Même les Serpentard étaient tous là, y compris Drago Malefoy qui était surement le seul à vraiment avoir interagi avec Lord Voldemort. À moins que Theodore Nott n'ait été impliqué par son père, mais Hermione en doutait. Voldemort n'avait que faire d'enfants dans ses rangs, et s'il avait tourmenté Drago, c'était simplement pour punir son père pour ce qu'il avait fait avec son précieux Horcruxe. Les Serpentard cependant devaient tout de même savoir que Voldemort était véritablement de retour, soit via leur famille, soit via Drago.
Mais comme la quasi-totalité de leur année venait régulièrement aux séances, et qu'ils avaient eux-mêmes commencé à y venir alors que le retour de Voldemort n'était pas du tout connu, ils ne pouvaient pas vraiment ne plus venir sans que ce ne soit suspicieux. Drago Malefoy, ainsi que Theodore Nott, Crabbe, Goyle et Pansy Parkinson restaient cependant souvent dans leur coin, observant simplement ce qui se passait sans participer, alors que Blaise, Daphnée, Millicent et Tracey Davis suivaient toujours les cours, les deux premiers plus assidument que les autres. Harry, Ron, Ginny ou Hermione avaient souvent dû intervenir pour calmer l'animosité que leur présence engendrait parfois, les relations entre Serpentard et Gryffondor devenant de plus en plus tendues à cause de l'inefficacité du ministère concernant la capture des mangemorts en fuite.
Hermione avait souvent noté les regards attentifs que Drago Malefoy portait au quatuor, et surtout à Harry, comme s'il tentait d'en apprendre plus sur eux en les observant, et parfois Hermione pouvait y déceler une brève lueur de mépris mêlée à de la résignation qu'elle ne savait trop comment interpréter. Malgré sa présence, Drago Malefoy les évitait autant que possible, ne leur adressant la parole que s'il y était vraiment obligé, et toujours d'un ton trainant. Surement était-il persuadé que leurs jours étaient comptés…

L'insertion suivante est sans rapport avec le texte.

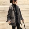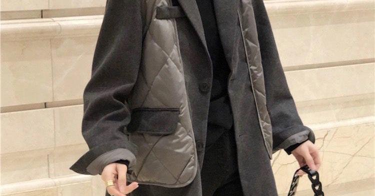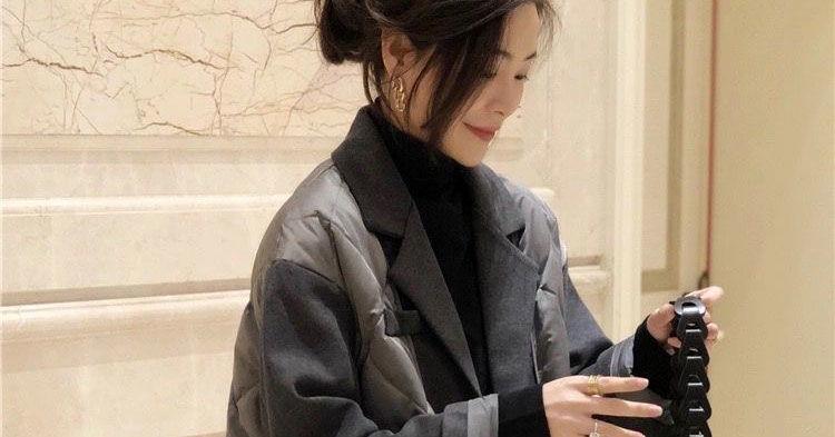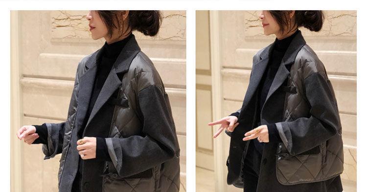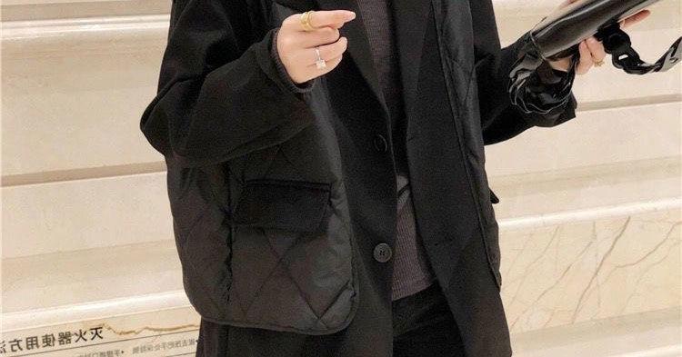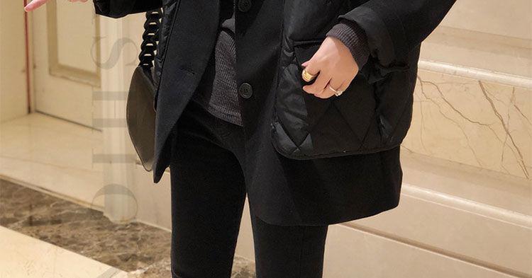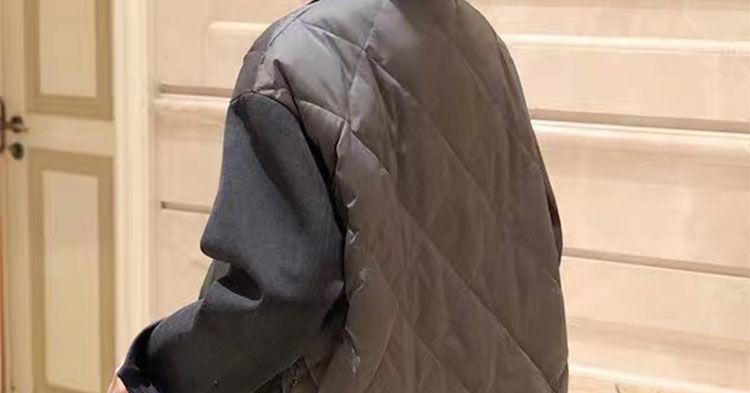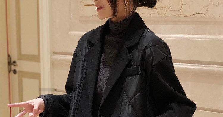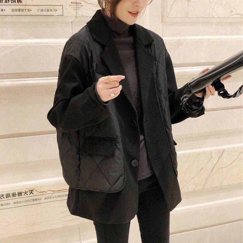 Abrigo de Algodón Negro Falso de Dos Piezas con Cuello Traje Abrigo de Algodón para Mujer Estilo Coreano Costuras Nuevo Abrigo de Algodón Estación Europea para Primavera 2025

Mais pour cette dernière séance, quasiment tout le monde participait, et des dizaines de sortilèges sifflaient dans tous les sens alors que la plupart des étudiants étaient engagés dans des duels amicaux. D'autres révisaient des sortilèges, notamment certaines septièmes années, Cédric Diggory en tête, qui conjuraient des patronus de plus en plus imposants dans un coin. Hermione tentait de garder un œil sur le quart de la salle qui lui était attribué, et elle dévia quelques sortilèges perdus d'un geste nonchalant de la main.
Il y eut un bang sonore, et Hermione se tourna vers son origine. Harry se tenait face à la salle, sa baguette envoyant des étincelles rouges au-dessus de la foule. Les conversations et les duels s'arrêtèrent et rapidement toute l'attention fut sur lui.

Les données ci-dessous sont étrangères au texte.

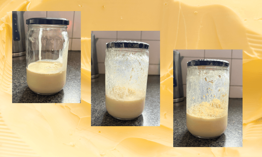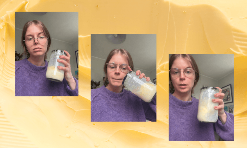 My recipe for homemade butter came from The Stay at Home Chef, whose promise of “a fun old-fashioned activity for kids” seemed achievable even for me, an adult who once let a whole unopened bag of frozen corn melt onto the sizzling hot element because I got distracted on my phone. The only prep required was picking up 300ml of fresh cream from Pak’nSave Riccarton for just $3.25, digging out an old jar from the garage, and washing the spider corpses out.

– Merci de votre attention, commença-t-il. C'est bientôt le couvre-feu, alors nous allons devoir terminer cette séance ici. Merci à tous pour votre présence à cette dernière occurrence de l'AD pour cette année.
Fred et George sifflèrent fortement, et il y eut un brouhaha confus d'acclamations et de remerciements.

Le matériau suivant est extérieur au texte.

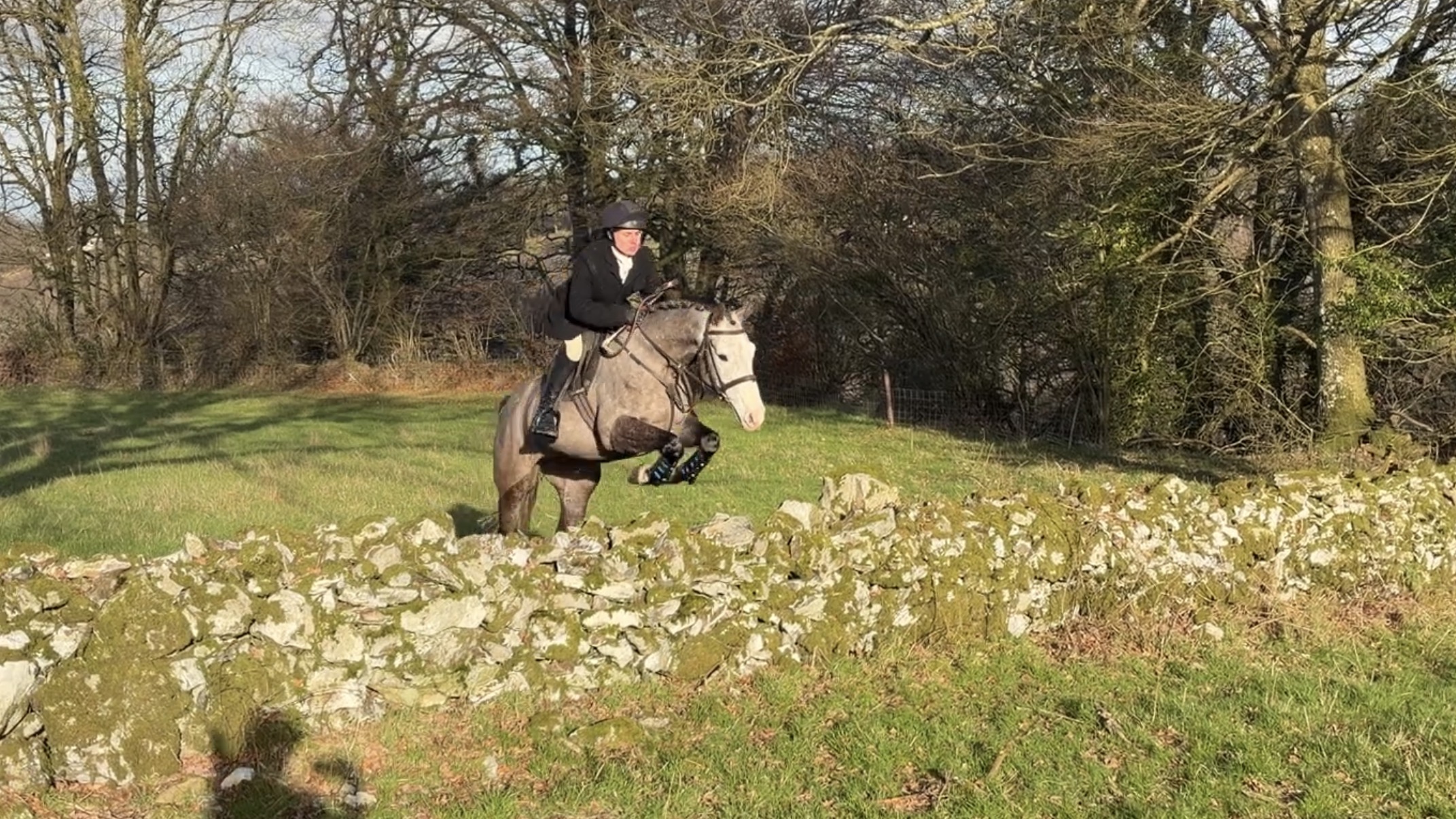 We’ve had some SERIOUS fun on this horse hunting! He is in his third season with us and he knows the job well. He has such a bold attitude and forward thinking brain – he is SO brave, he has jumped anything we have put in front of him! He gives you a lovely confident feeling going into a hedge and doesn’t look twice at a ditch – he’s good with the hounds, brilliant with other horses and generally very mannerly to hunt. He isn’t a horse that likes to sit and chat at the meet or plod at the back (although he will if you ask!) – he wants a rider that likes to get on with the day ahead! He has hunted with a lady rider with The TVFH attending all their Vale Days and The EDH. He has also attended Vale days with various other packs. He hunted a handful of days as a young horse with The Galway Blazers. Johnny absolutely loves following hounds!

– Merci, merci, fit Harry pour ramener le calme. Nous reprendrons bien sûr l'année prochaine, mais en attendant, bonne chance à tous pour vos BUSES et vos ASPICS !
Il y eut de nouveau des acclamations, puis la plupart des élèves se pressèrent pour venir personnellement remercier Harry, Ron, Hermione et Ginny. Il était déjà bien après le couvre-feu lorsqu'il ne resta finalement que le quatuor et Neville et Luna dans la salle. Ils ne les avaient que peu vus durant la fin de l'année, trop occupés entre la recherche des livres sur la source, le ministère, et tous leurs autres sujets en cours, et Hermione se sentit un peu coupable de ne pas avoir pu leur consacrer plus de temps.
– Vous avez besoin d'aide pour ranger ? proposa Neville.
Hermione jeta un coup d'un œil à la salle. Il y avait des chaises et des tables dans tous les sens, ainsi que des poufs, des matelas et diverses structures en bois servant de cible.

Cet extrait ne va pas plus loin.